Nature: Proactive and preventative, aimed at minimizing project vulnerabilities and enhancing adaptability.
Example: "Identified risk: Potential delays in data acquisition due to evolving data privacy regulations. Mitigation strategy includes early engagement with data privacy experts, developing a flexible project timeline to accommodate regulatory review, and exploring alternative data sources as needed."

Close-Out and Maintenance

Definition: Describes the processes and activities involved in formally concluding the project, documenting its successes and lessons learned, and transitioning to ongoing operations or maintenance. This section emphasizes the importance of evaluating project outcomes, ensuring the deliverables' sustainability, and establishing a framework for continuous improvement, including regular reviews and updates to adapt to changing user needs and technological advancements.

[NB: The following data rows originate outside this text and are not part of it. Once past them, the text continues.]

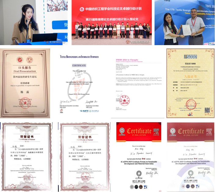 在学术科研方面,班级充分依托公司和公司提供的优质资源,研究生工作室配置科学合理。同学们在科研道路上互促共进,形成了良性竞争、追求卓越的学术氛围,多项创新成果发表于高水平国际期刊,屡获各类奖项。同学们踊跃参与国内外高水平学术会议,如TBIS 2024暨第17届纺织生物工程及信息国际会议、第十四届中国纺织学术年会以及第十二届先进纤维与聚合物材料国际会议等,并在会上作口头报告,与同行学者深入交流,拓展了学术视野。在学术成果上,班级同学展现出较强的科研实力,取得了丰硕成果。2024-2025年,班级同学以第一作者身份共发表高水平论文17篇,其中包括13篇SCI论文(一区9篇,二区3篇,三区1篇)、2篇EI论文以及2篇科技核心论文。在学术竞赛方面,班级同学积极参与并荣获省级奖项6项、校级奖项8项。在奖学金评选中,1名同学获得国家奖学金,1名同学获得桑麻特等奖学金。这些成绩不仅是个人努力的成果,更是班级良好学术氛围的有力体现。
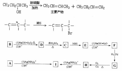 有机物A、B、C,分子式均为C5H8O2,有关的转化关系如下图所示。A的碳链无支链,且1mol A能与4 mol银氨溶液完全反应。请给出A、B、C、D、E、F、G、H、I的结构简式。
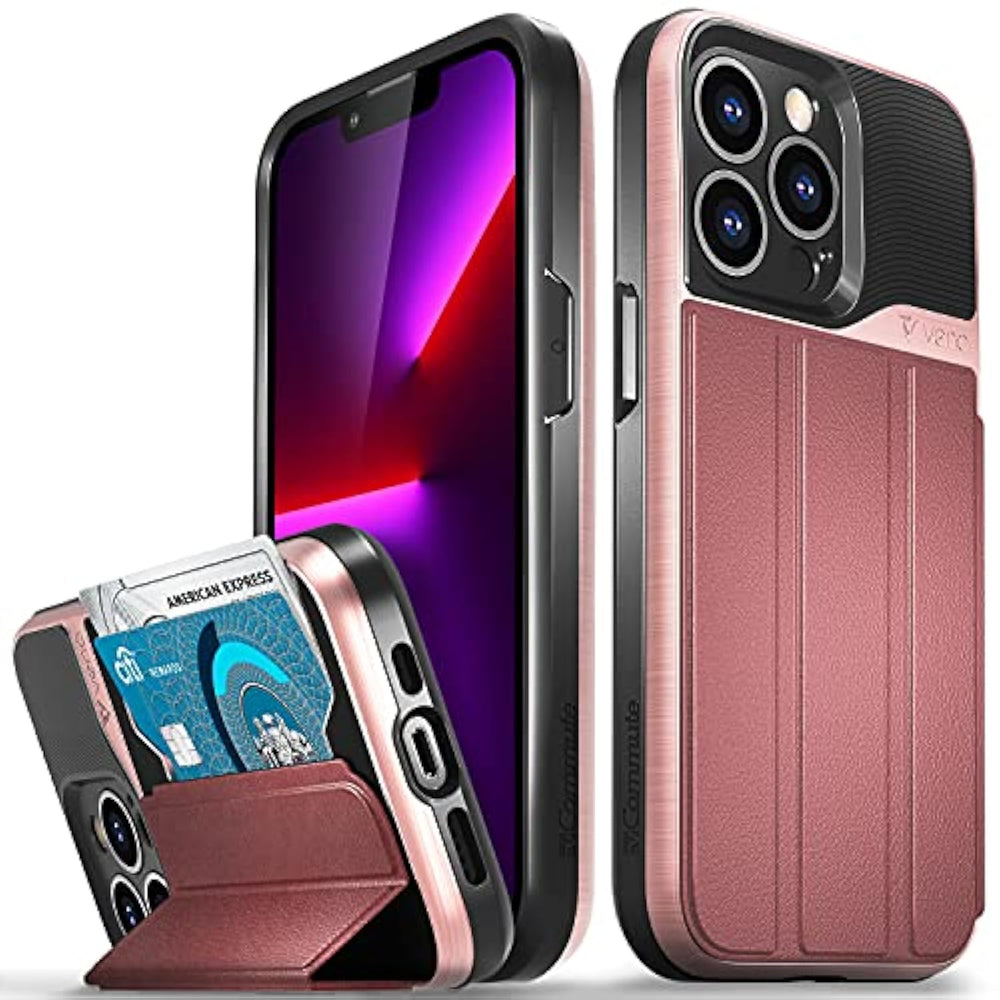 | [PATENTED WALLET CASE COMPATIBLE WITH iPhone 13 Pro (6.1")] vCommute combines functionality and protection. The hidden card slot securely stores IDs, credit or debit cards, or even transit cards; plus it does not interfere with Apple Pay. Compatible with iPhone 13 Pro (6.1"). | | [MULTI-ANGLE MAGNETIC LOCK STAND] The foldable leather flap on the back of the case doubles as a kickstand so you can watch videos at desired angle and comfort. | | [MILITARY GRADE DROP PROTECTION WITH CORNERGUARD TECHNOLOGY] Dual-layer polycarbonate and TPU with CornerGuard meets military drop-test standard (MIL-STD 810G-516.6), surviving 26 drops from 8 feet high. | | [PRECISE CRAFTSMANSHIP, DETAILED DESIGN] Precise cutouts and great tactile buttons designed to maintain the same great tactile feedback from your phone’s buttons. | | [COMPATIBLE WITH MAGNETIC CAR MOUNTS] This wallet case comes with metal plates incorporated in the flap, therefore no additional plate or adhesive is needed. | |

Nature: Conclusive and forward-looking, focusing on securing the project's long-term impact and adaptability.
Example: "Upon project completion, a comprehensive post-deployment review is conducted to evaluate the system's performance and user satisfaction. A dedicated maintenance team is established to provide ongoing support, monitor system effectiveness, and implement necessary updates and improvements, ensuring the recommender system continues to meet user needs and remains at the forefront of technological advancements."